After we fixed the outliers, data seems have decent distribution.Log Transformation may not be required for the field.

In [None]:
#Log Transformation on New_Price

plt.figure(figsize = (10,5))
plt.subplot(1, 2, 1)
plt.title('New_Price - Before log')
plt.hist(carsdf['New_Price'],20)

plt.subplot(1, 2, 2)
plt.title('New_Price - After log')
plt.hist(np.log(carsdf['New_Price']),20)

plt.show()

In [None]:
#Log Transformation on Price

plt.figure(figsize = (10,5))
plt.subplot(1, 2, 1)
plt.title('Price - Before log')
plt.hist(carsdf['Price'],20)

plt.subplot(1, 2, 2)
plt.title('Price - After log')
plt.hist(np.log(carsdf['Price']),20)

plt.show()

- As you see above, Log Transformation has helped Price and New_Price. 
- Kilometers_Driven need not be log transformed. However, we could Log Transform the data and see which one performs better in model.

In [None]:
#Applying Log Transformation

carsdf['Kilometers_Driven_Log'] = np.log(carsdf['Kilometers_Driven'])
carsdf['New_Price_Log'] = np.log(carsdf['New_Price'])
carsdf['Price_Log'] = np.log(carsdf['Price'])
print('After applying log transformation...')
print(carsdf.info())
print(carsdf.isnull().sum())

In [None]:
#Dropping Model column as it has high cardinality
carsdf.drop(['Model'],axis=1,inplace=True)
carsdf.info()

In [None]:
#plotting histograms of the variables
col=['Year','Kilometers_Driven_Log','Kilometers_Driven','Mileage','Engine','Power','Seats','New_Price_Log','Price_Log']
for j in col:
    sns.histplot(carsdf[j],kde=True)    
    plt.title('Histogram of '+j)
    plt.show()

Distribution looks fine above and cannot consider any entry as outlier which may impact the model. Seats values are discrete and New Price Log is continuous. Let us proceed with model creation and then assess the performance.

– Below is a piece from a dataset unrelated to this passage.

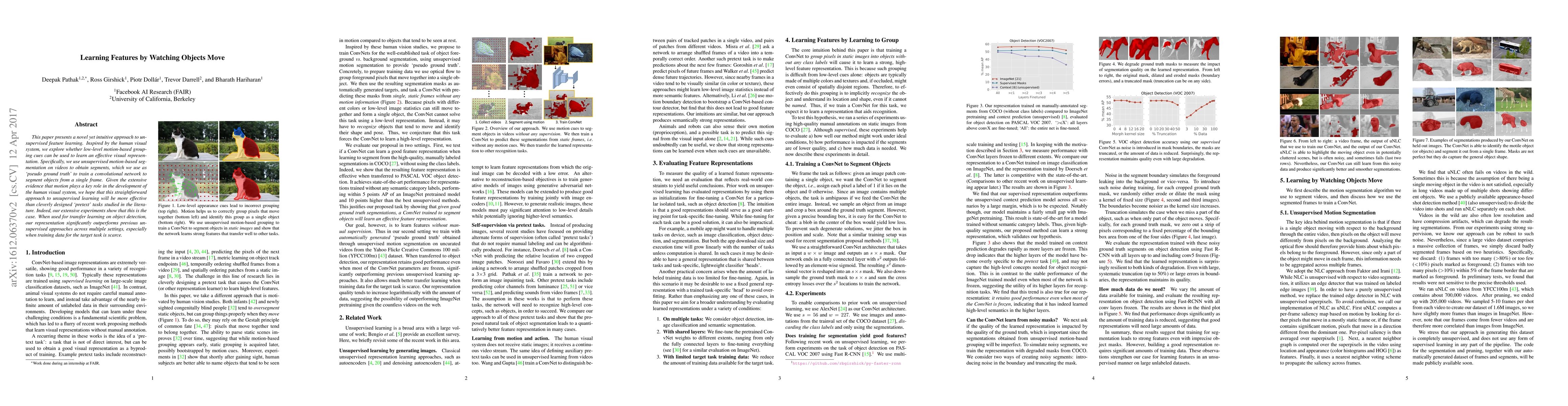 A new approach to unsupervised feature learning uses motion-based grouping cues to learn an effective visual representation, outperforming previous methods in object detection tasks.

# *******************************************************************************
# Model building
# *******************************************************************************

In [None]:
#taking backup of transformed dataset before we proceed with model
carsdf_model=carsdf.copy()

carsdf_model.head()

In [None]:
carsdf_model.columns

### ------------------------------------------------------------------------------------------------------------------------
### Model 1
##### Considering Kilometers_Driven and not Kilometers_Driven_log
##### x =  { 'Location', 'Year', 'Kilometers_Driven', 'Fuel_Type', 'Transmission','Owner_Type', 'Mileage', 'Engine', 'Power', 'Seats', 'Brand', 'New_Price_Log'}
##### y = Price
### -----------------------------------------------------------------------------------------------------------------------

In [None]:
#Defining x (independent) and y(dependent) variables
x1 = carsdf_model[['Location', 'Year', 'Kilometers_Driven', 'Fuel_Type', 'Transmission','Owner_Type', 'Mileage', 'Engine', 'Power', 'Seats', 'Brand', 'New_Price_Log']]
y1 = carsdf_model[['Price']]

display(x1.head())
display(y1.head())

print('Shape of x: ',x1.shape)
print('Shape of y: ',y1.shape)

#Creating Dummy Variables
print('\nCreating dummy variables for categorical features:')
x1 = pd.get_dummies(x1, columns=['Location', 'Fuel_Type','Transmission','Owner_Type','Brand'], drop_first=True)
x1.head()

In [None]:
## Evaluating Performance of Model by Generating KPIs - RMSE, MAE, MAPE, R^2, Adj R^2

# Adjusted R^2
def adj_r2(ind_vars, targets, predictions):
    r2 = r2_score(targets, predictions)
    n = ind_vars.shape[0]
    k = ind_vars.shape[1]
    return 1 - ((1 - r2) * (n - 1) / (n - k - 1))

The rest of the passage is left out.